Segment Start: SOURCE MATERIAL

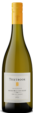
CHARDONNAY SONOMA COUNTY
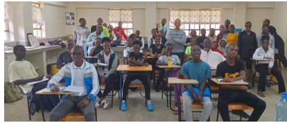
Saturday school attendees

students about honoring God through their deportment, manners, and love of neighbor. For the older ones, we resolved to start the traditional “Saturday School” just a bit earlier than last year. These supplemental study sessions from 8am-12pm weekly help students to catch up/get ahead in the subjects they will face on the National Exam.
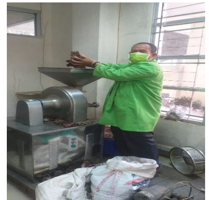
Process of crushing cocoa shells
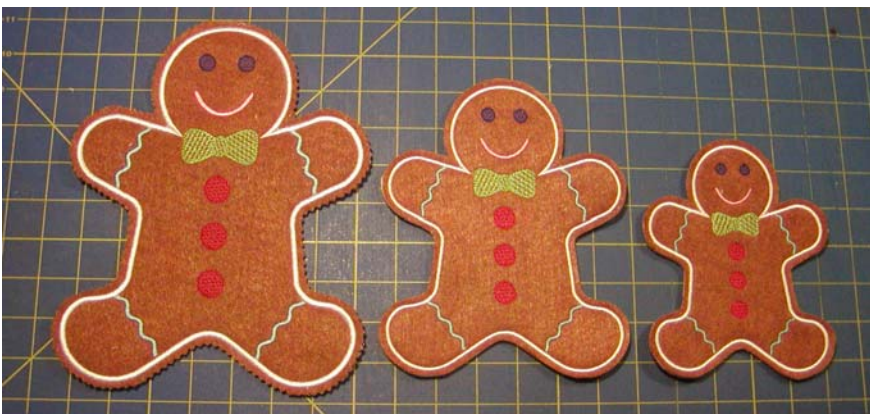
November – Gingerbread boys and girls gift card holders Technique – In the Hoop, working with felt, working on the back side of the hoop

Segment End: SOURCE MATERIAL

** HOW TO COMPLETE THIS TASK **
Please write out exactly the lines starting at the one that contains "Saturday school attendees" and ending with the final line of the entries, both ends included. Do not write out any pictures.

** RESULT OF THE TASK **
Saturday school attendees

students about honoring God through their deportment, manners, and love of neighbor. For the older ones, we resolved to start the traditional “Saturday School” just a bit earlier than last year. These supplemental study sessions from 8am-12pm weekly help students to catch up/get ahead in the subjects they will face on the National Exam.
Process of crushing cocoa shells
November – Gingerbread boys and girls gift card holders Technique – In the Hoop, working with felt, working on the back side of the hoop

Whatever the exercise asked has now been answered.